__DATA BLOCK__.
□ □ □ □ □ □ □
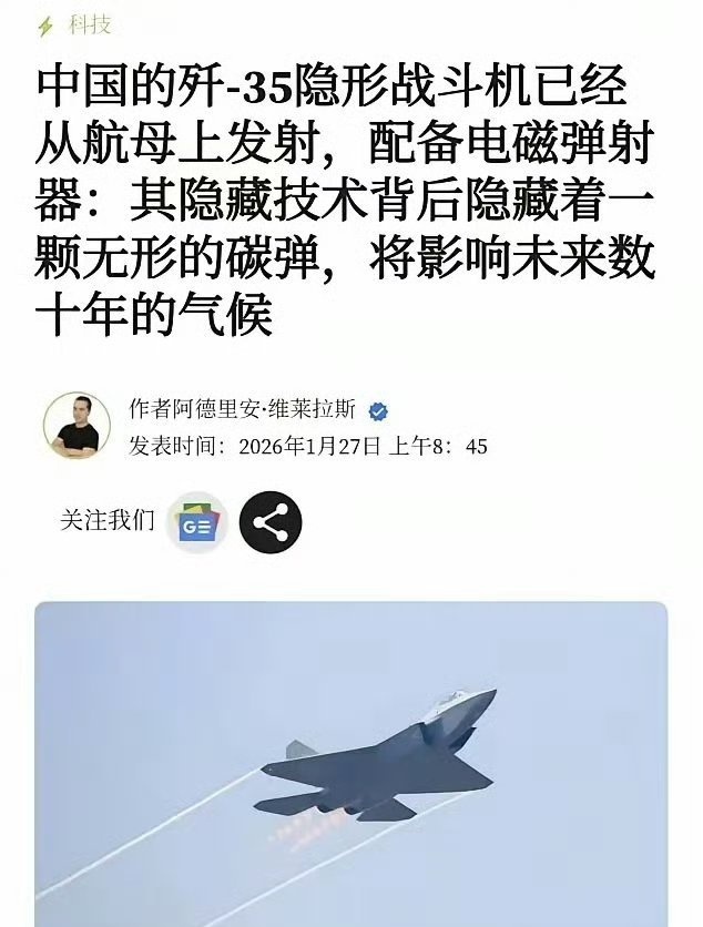 连J35配电磁弹射器都能扯到碳排放上,这是没被现实武器物理毒打过
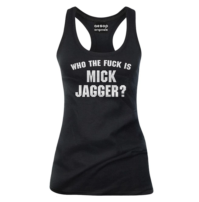 This women’s rocker tank top is made of cotton. It is slim-fitting and has a deep U-neck. It comes in black with white WHO THE FUCK IS MICK JAGGER? letter print on the front. You can pair this top with skinny pants, leggings or pencil skirts.
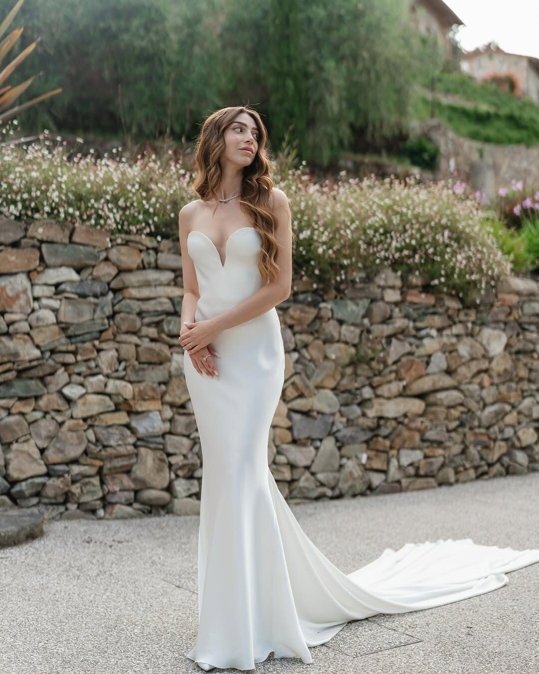 Arianna Cirrincione e Andrea Cerioli sono convolati a nozze, dopo sei anni insieme e la nascita di una figlia. Nel fatidico giorno del sì, la sposa ha indossato due creazioni firmate Pronovias.
□ □ □ □ □ □ □
__WORK ORDER__.
Word for word, repeat all the data, but not its images.

__RESPONSE TO THE EXERCISE__.
 连J35配电磁弹射器都能扯到碳排放上,这是没被现实武器物理毒打过
 This women’s rocker tank top is made of cotton. It is slim-fitting and has a deep U-neck. It comes in black with white WHO THE FUCK IS MICK JAGGER? letter print on the front. You can pair this top with skinny pants, leggings or pencil skirts.
 Arianna Cirrincione e Andrea Cerioli sono convolati a nozze, dopo sei anni insieme e la nascita di una figlia. Nel fatidico giorno del sì, la sposa ha indossato due creazioni firmate Pronovias.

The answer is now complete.